Data items:
=== Section Start ===

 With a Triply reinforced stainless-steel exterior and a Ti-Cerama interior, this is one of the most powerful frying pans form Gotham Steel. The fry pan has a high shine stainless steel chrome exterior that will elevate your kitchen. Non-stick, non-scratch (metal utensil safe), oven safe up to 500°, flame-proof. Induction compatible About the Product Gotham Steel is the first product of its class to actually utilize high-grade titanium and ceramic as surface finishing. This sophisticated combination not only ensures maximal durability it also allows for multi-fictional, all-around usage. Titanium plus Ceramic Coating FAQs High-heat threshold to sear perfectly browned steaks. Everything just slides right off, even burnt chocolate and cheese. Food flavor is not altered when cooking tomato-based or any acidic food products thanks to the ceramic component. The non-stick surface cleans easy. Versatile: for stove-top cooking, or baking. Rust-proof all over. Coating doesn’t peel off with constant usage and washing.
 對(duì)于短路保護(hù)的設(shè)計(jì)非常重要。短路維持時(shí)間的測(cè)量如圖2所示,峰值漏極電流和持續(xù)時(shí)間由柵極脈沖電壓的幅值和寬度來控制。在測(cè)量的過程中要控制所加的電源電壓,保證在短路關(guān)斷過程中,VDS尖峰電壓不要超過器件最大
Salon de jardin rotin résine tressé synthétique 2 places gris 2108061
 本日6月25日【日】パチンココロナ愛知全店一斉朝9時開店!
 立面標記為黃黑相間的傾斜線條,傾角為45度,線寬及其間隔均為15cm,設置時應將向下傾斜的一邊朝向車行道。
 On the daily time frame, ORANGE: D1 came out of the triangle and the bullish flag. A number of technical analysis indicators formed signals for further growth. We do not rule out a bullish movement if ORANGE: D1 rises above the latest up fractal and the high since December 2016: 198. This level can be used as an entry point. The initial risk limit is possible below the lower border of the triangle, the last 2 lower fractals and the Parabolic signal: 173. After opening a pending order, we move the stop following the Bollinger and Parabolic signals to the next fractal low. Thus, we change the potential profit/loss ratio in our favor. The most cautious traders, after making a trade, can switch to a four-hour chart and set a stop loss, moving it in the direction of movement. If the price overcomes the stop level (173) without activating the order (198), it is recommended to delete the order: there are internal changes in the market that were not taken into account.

=== Section End ===

Starting with the line above that holds "本日6月25日【日】パチンココロナ愛知全店一斉朝9時開店!" and stopping with the line that holds "立面標記為黃黑相間的傾斜線條", reproduce each line exactly, omitting all other lines.

Finished exercise:
 本日6月25日【日】パチンココロナ愛知全店一斉朝9時開店!
 立面標記為黃黑相間的傾斜線條,傾角為45度,線寬及其間隔均為15cm,設置時應將向下傾斜的一邊朝向車行道。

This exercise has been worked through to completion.